Segment Start: Provided material

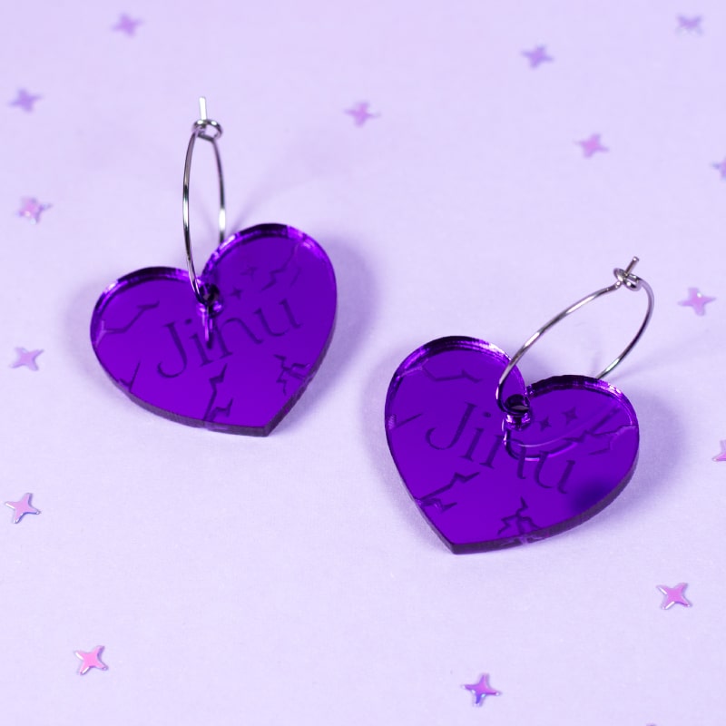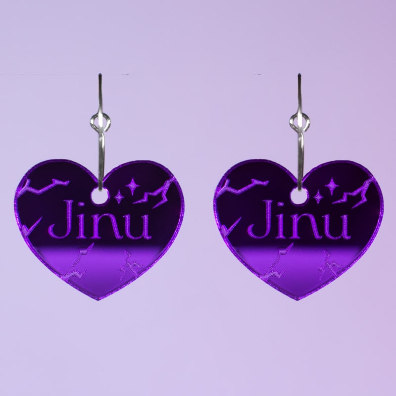 El cuerpo principal es un corazón de acrílico espejo morado 💜, que refleja la luz con un acabado brillante y profundo, perfecto para quienes aman los accesorios con personalidad. En el centro, el nombre “Jinu” aparece grabado con precisión, haciendo de estos pendientes una pieza icónica para fans y amantes del diseño alternativo.
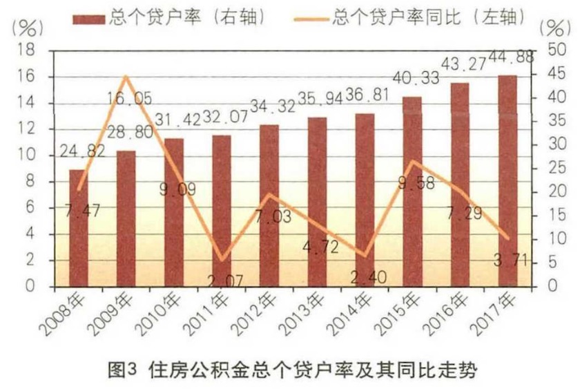 该指标反映的是住房公积金在使用环节对缴存住房公积金者的覆盖程度。住房公积金贷款户数累计总额与住房公积金缴存户数累计总额之比,即住房公积金的总个贷户率,在2015年突破四成以后连续三年持续上升,2017年升至近45%。这个比例依然意味着,约有55%缴纳了住房公积金的家庭并没有实际使用住房公积金贷款。此外,从变化趋势看,个贷户率的年度同比在2015年达到阶段性高点后连续两年下跌,2017年仅为3.71%。住房公积金使用环节的普惠程度在2015年越过40%一线后上行乏力,同比指标在2017年相对2015年下跌近6个百分点。住房公积金覆盖程度仍然较低,且近两年提升缓慢。(见图3)
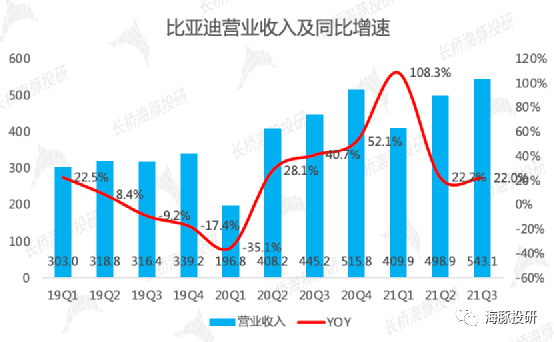 带着以上问题,我们来详细分析比亚迪的2021年三季报:【1】汽车销量:DM-i平台大获成功,比亚迪汽车销量一路狂奔:外在驱动(新能源汽车渗透率快速提升)和内在驱动(刀片电池在全系新能源车上搭载、混动平台DM4.0车型上市)的共振下,2021年第三季度,公司新能源汽车销量爆发式增长,销量超18万辆,同比增289%,季度销量及同比增速持续创新高,并带动公司整体销量突破20万辆,同比增87%,年销量100万辆的台阶就在眼前。同时从销量结构上来看,公司业务更加纯粹,作为新能源汽车领军品牌,新能源乘用车销量在公司整体销量中占比高达88%,这样的数据表现才符合公司的口号和定位。(在此前的深度文章中,长桥海豚君曾抽丝剥茧的寻找比亚迪的核心,其中提到比亚迪的营收结构和毛利结构,汽车业务和手机业务核心贡献超90%的营收和毛利,因此在公司不直接披露汽车业务营收和毛利的情况下,长桥海豚君将扣除手机业务(以港股上市的比亚迪电子为运营主体)后的数据近似作为汽车业务的数据,不纠结具体的绝对值,主要观察趋势。)【2】营收:相比销量增速,营收增速相形见绌:扣除比亚迪电子之后,公司第三季度实现营收332亿元,同比增36%,在汽车销量同比增85%的前提下,营收增速黯然失色,意味着ASP下行。从ASP的角度思考,长桥海豚君认为,DM-i插混车型占比的提升可能导致公司单车均价下行,例如定价更低的DM-i版本的秦和宋迅速成为爆款车型。【3】盈利性:毛利率下滑,推测系ASP下行和锂电池上游原材料涨价。2021年第三季度,扣除比亚迪电子后的业务毛利率为17.2%,环比二季度下滑1.5pct,同比下滑近10pct,单车均价的下行对毛利率是直接利空,但除此之外,比亚迪造车的零部件自给率比较高,尤其是电池自供,在锂电上游原材料涨价压力下,下游整车销售难以提价的情况下,毛利率被挤压是正常的。近日传出比亚迪电池提价不低于20%的消息中称,“2021年锂电池原材料不断上涨,正极材料LiCoO2价格涨幅超200%,电解液价格涨幅超150%,负极材料等供应紧张,综合成本大幅大幅提升”。不过相比刚刚发布三季报的宁德时代的毛利率,比亚迪的盈利抗性相对弱一些。【4】利润明显好转。从下图可以看到,比亚迪汽车业务的盈利情况非常不稳定,比亚迪电子才是公司利润的基石,但本季度比亚迪电子表现很差,反而汽车业务有了明显的边际好转。海豚君按照持股比例把比亚迪电子的归母净利润从公司的归母净利润中扣除,扣除后的归母净利润为9.3亿元,环比二季度增141%,同比增77%,在极大的成本压力下,实属不易。净利率2.8%,虽然绝对值仍不高,但处于近三年的高位,且处于边际好转中,好转并非来自毛利率的好转,而主要来自现金流宽松后,财务费用的节省。如果比亚迪销量的增长不仅带来收入的提升,还能通过杠杆释放更大的利润,则比亚迪业绩的爆发力非常值得期待。此外,我们知道比亚迪利润的一大支撑来源是政府补助,确认在“其他收益”这一会计科目中。本季度其他收益5.43亿,仍然对公司利润贡献较大,但即使剔除政府补助的影响,三季度公司汽车业务的利润表现也是不错的。手机部件及组装不是公司估值的核心业务,却是公司业绩的核心,因此长桥海豚君在此做简要分析。多因素扰动下,比亚迪电子营收增速下行。2021年第三季度,以比亚迪电子为运营主体的手机部件及组装业务实现营收211亿元,同比微增5%,业绩增速呈明显下滑趋势。前三季度合计实现营收659亿元,而wind2021年一致预期的营收为990亿元,第四季度基本不可能完成全年预期。影响业绩的主要因素为:芯片短缺导致客户需求减弱、国家能耗双控政策短期内制约公司生产、去年新增客户带来高基数、疫情防护常态化导致医疗防护产品需求同比大幅下降。盈利能力回到正常比较差的水平。2021年第三季度比亚迪电子毛利率7.3%,环比小幅回升主要因季节性因素,同比大幅下滑主要系去年异常地好。净利率2.4%,重新回到盈亏平衡略上方的水平。在成长性和盈利性均表现不佳的情况下,2021年第三季度,比亚迪电子实现归母净利润5.1亿元,同比大幅下滑72%;前三季度合计实现归母净利润21.6亿元,距离wind2021年一致预期的41亿元有不小差距,明显低于预期。【1】营收及归母净利润:2021年第三季度公司实现营收543亿元,同比增22%,环比二季度增9%;2021年前三季度公司实现营收1452亿元,同比增38%;营收增长主要来自汽车业务,汽车业务的增长驱动则来自销量的突飞猛进。2021年第三季度公司实现营收归母净利润12.7亿元,同比降27%。前三季度实现归母净利润24.4亿元,同比降28%。综合上面的业务拆分,拖累公司整体利润的业务是手机部件及组装,而我们核心关注的汽车业务利润表现反而是不错的。- 其他收益基本是政府补助,公司12.7亿的归母净利润中有5.4亿元的政府补助,政府补助仍然对比亚迪的盈利有重大影响,但剔除政府补助后,公司仍然有正的利润;
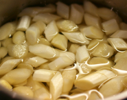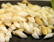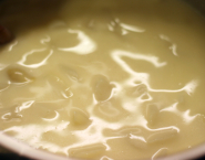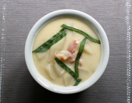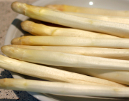 Snijd de asperges in stukjes en houd de kopjes apart. Kook de asperges in ca 8 dl water met het bouillonblokje beetgaar. Laat de laatste 4 minuten de kopjes meegaren. Zeef de asperges uit het kookvocht. Smelt de boter en voeg al roerend de bloem toe en vervolgens geleidelijk het asperge kookvocht. Roer tot je een gladde massa hebt. Doe de asperges in de soep en laat alles ca. 10 minuten zachtjes koken.
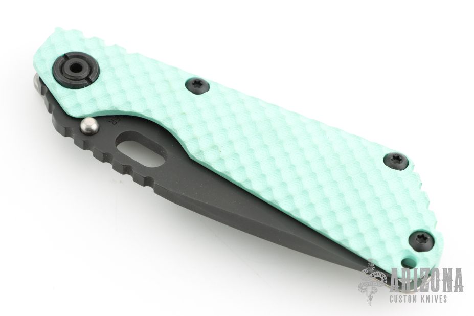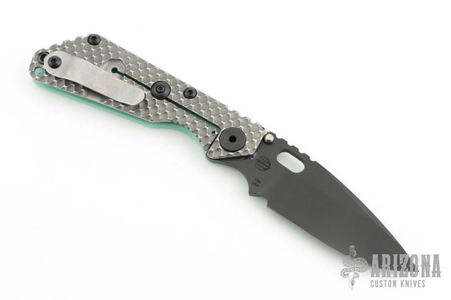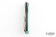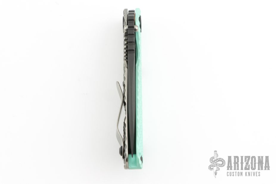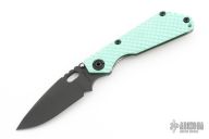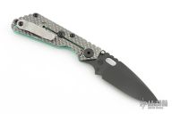 This SNG DGG by Strider has a black finished spear point blade with dual thumb studs, thumb hole, and notched thumb rest. Handle is TactiBlue G-10 and bead blast finished titanium "Gunner Grip", lockbar stabilizer, and titanium tip up clip. Nice detent, lockup and blade seating. New condition.
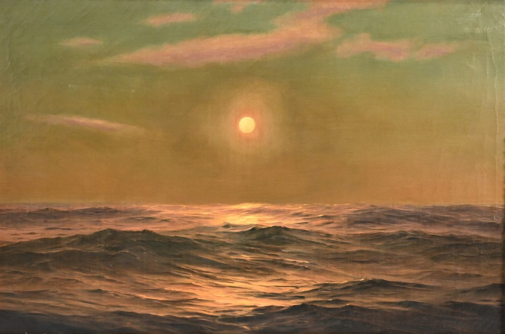 William Frederick Ritschel (1864 – 1949), Horse Cart on the Beach, oil on canvas, signed lower right W. Ritschel, in Newcomb Macklin gilt frame, relined, 16″ x 12″. Provenance: Mary Mullowney Sotheby’s Arcade sale 1318, lot 49.
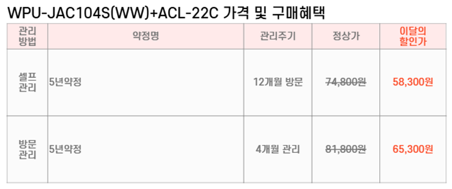 WPU-JAC104S(WW)+ACL-22C SK매직 [SK매직] 초소형 직수 정수기 위글위글 + 올클린 디아트 공기청정기 22평형 제품분류 정수기패키지 공기청정기패키지 A/S기간 렌탈기간내 최저 렌탈가 월 58,300 (렌탈가) 제휴카드 할인가 월 (렌탈가) 5년 셀프관리 방문관리/4개월 오트밀베이지 다크그린 할인 제휴카드 보기 렌탈신청 장바구니
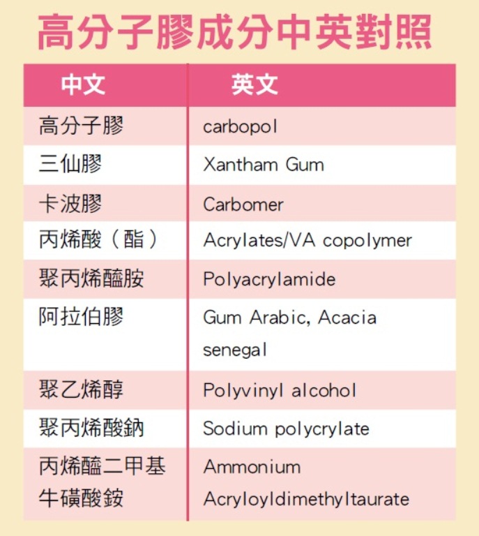 雖然玻尿酸、高分子膠都是濃度愈高,精華液愈濃稠,但在成本考量下,業者通常無法放入高濃度的玻尿酸,而以高分子膠來製造稠度,如此可形成有效成分濃度高的假象。要如何分辨高分子膠?可以看成分,例如三仙膠、卡波膠、丙烯酸(酯)、聚丙烯醯胺、阿拉伯膠等都是高分子膠。

Segment End: Provided material

◆ Problem ◆
Out of the records above, set down only the lines from the one that contains "This SNG DGG" through the one that contains "WPU-JAC104S(WW)+ACL-22C SK매직 [SK매직]", unchanged and without the pictures.

◆ Solution ◆
 This SNG DGG by Strider has a black finished spear point blade with dual thumb studs, thumb hole, and notched thumb rest. Handle is TactiBlue G-10 and bead blast finished titanium "Gunner Grip", lockbar stabilizer, and titanium tip up clip. Nice detent, lockup and blade seating. New condition.
 William Frederick Ritschel (1864 – 1949), Horse Cart on the Beach, oil on canvas, signed lower right W. Ritschel, in Newcomb Macklin gilt frame, relined, 16″ x 12″. Provenance: Mary Mullowney Sotheby’s Arcade sale 1318, lot 49.
 WPU-JAC104S(WW)+ACL-22C SK매직 [SK매직] 초소형 직수 정수기 위글위글 + 올클린 디아트 공기청정기 22평형 제품분류 정수기패키지 공기청정기패키지 A/S기간 렌탈기간내 최저 렌탈가 월 58,300 (렌탈가) 제휴카드 할인가 월 (렌탈가) 5년 셀프관리 방문관리/4개월 오트밀베이지 다크그린 할인 제휴카드 보기 렌탈신청 장바구니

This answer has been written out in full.